Se não contarmos com uma abordagem ideológica, poder-se-ia
supor que o termo “comum” intervenha na discussão como um tema central,
quando, na verdade, a globalização e as práticas legais que a
acompanham, o transcendental do direito privado e do direito público e
consequentes práticas jurídicas que a sobre-determinam, falhamos
completamente em sua definição. Parece que há aspectos, dimensões,
perfis do “comum” que – se não dermos uma resposta concreta à crise de
sobre e subdeterminação da ordem global – não requalificam o terreno
discursivo. Retomaremos este assunto mais tarde. Ponha-se desta maneira:
em razão da dissolução, não somente jurisprudencial, mas conceitual do
“velho direito”, como é que se estabelece o tema do “comum”?
História. A hipótese majoritária retem que
o velho direito é definido, essencialmente, com base no conceito da
propriedade privada. Esse horizonte hipotético não é ultrapassável? E,
então, frente à dissolução que se constrói sobre o campo da governança
global do direito, como configurar a permanência do direito? Sob
qualquer ponto de vista, uma análise material e dialética em torno
deste argumento, parece confirmar que a dissolução determinada pela
globalização, historicamente demonstrada e refletida em sua crise atual,
confirma a impossibilidade da evolução do direito privado e do direito
público a outro tipo de direito, um tertium genus. Menos ainda,
explicitamente, sua evolução a uma “lei comum”. Deve-se acrescentar
imediatamente aqui que o termo “lei” é tão ambíguo e impreciso quanto o
termo “comum”.
Prova disso é quando você considera o continente direito.

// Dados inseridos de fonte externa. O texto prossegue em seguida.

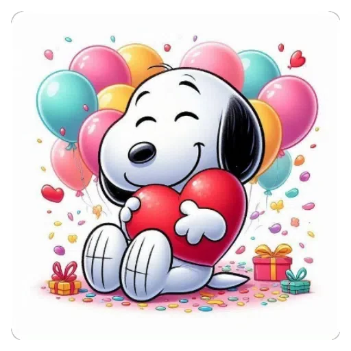 Snoopy abraçando um coração vermelho gigante, com balões coloridos ao fundo e presentes ao redor.

Na cultura ocidental, a dimensão jurídica torna-se crucial desde o
momento em que se organizou em torno da figura (por isso, ficcional) do
indivíduo-proprietário. O quadro institucional (e conceitual) da lei
ocidental tem suas raízes nas necessidades do indivíduo, moldado nas
relações conflituosas (de soma zero) que ele tem com o seu homólogo, no
caso. O estabelecimento do Corpus Juris de Justiniano serve como ponto
culminante da evolução do direito no mundo romano, e o que lhe dá forma e
constituição nos próximos dois mil anos de história legal. Assim, o
direito romano será reaprendido e treinado de acordo com as necessidades
do capitalismo nascente. É a interpretação deste, de forma adequada,
que servirá de instrumento para organizar a acumulação primitiva de
capital. É uma característica desta história o fato de que os
procedimentos jurídicos, processuais e jurisprudenciais consolidaram o
direito do indivíduo-proprietário e produziram um mecanismo de validação
uniforme da propriedade (o mercado) e da soberania (o Estado). Ambos
sistemas (mercado e Estado) concentram seu poder sobre o indivíduo
excluindo qualquer outro sujeito da esfera de jurisdição dada. Rhodus
Hic, hic salta. Procurar, neste âmbito, uma passagem para além da
estrita concepção privatística do direito e de seus procedimentos de
aplicação e verificação é inútil. Consequentemente, a busca de uma
definição para o “comum” nesta área é completamente inadequada. O
direito de tradição continental (notadamente romano-germânico) não
permite reconhecer o “comum” do modo que historicamente é interpretado. A
fronteira entre o público e o privado (aquilo que vai do conflito à
soma zero) não deixa espaço, até agora, para a definição de um terceiro
polo.
O vazio conceitual ocorre, mesmo quando tomamos a tradição
da antiga lei saxônica que é chamada de common law – que podemos
traduzir como um direito “para” o comum, para o ordinário do povo. Se
trata de um direito arcaico intimamente ligado às estruturas
tradicionais comunitárias das cidades medievais. Porém, Maitland e
Polock quando analisam este “direito para o ordinário do povo” advertem
que, longe de ser um direito do “comum”, é um direito individual, um
direito que não está em relação de ruptura com o individualismo
jurídico, ou seja, com o interesse da propriedade. Na verdade, é um
direito que o indivíduo pode opor ao público, um direito que de nenhum
modo pode reconduzir à essência do “comum”, àquela “equidade na
coprodução de norma jurídica não estatal” (que é a recente definição do
direito do “comum”). Não é mera coincidência que as definições sobre o
“comum” são tomadas emprestadas aos anos ‘50, por exemplo de Hayek, e
são perfeitamente conhecidas em seu sentido e significação.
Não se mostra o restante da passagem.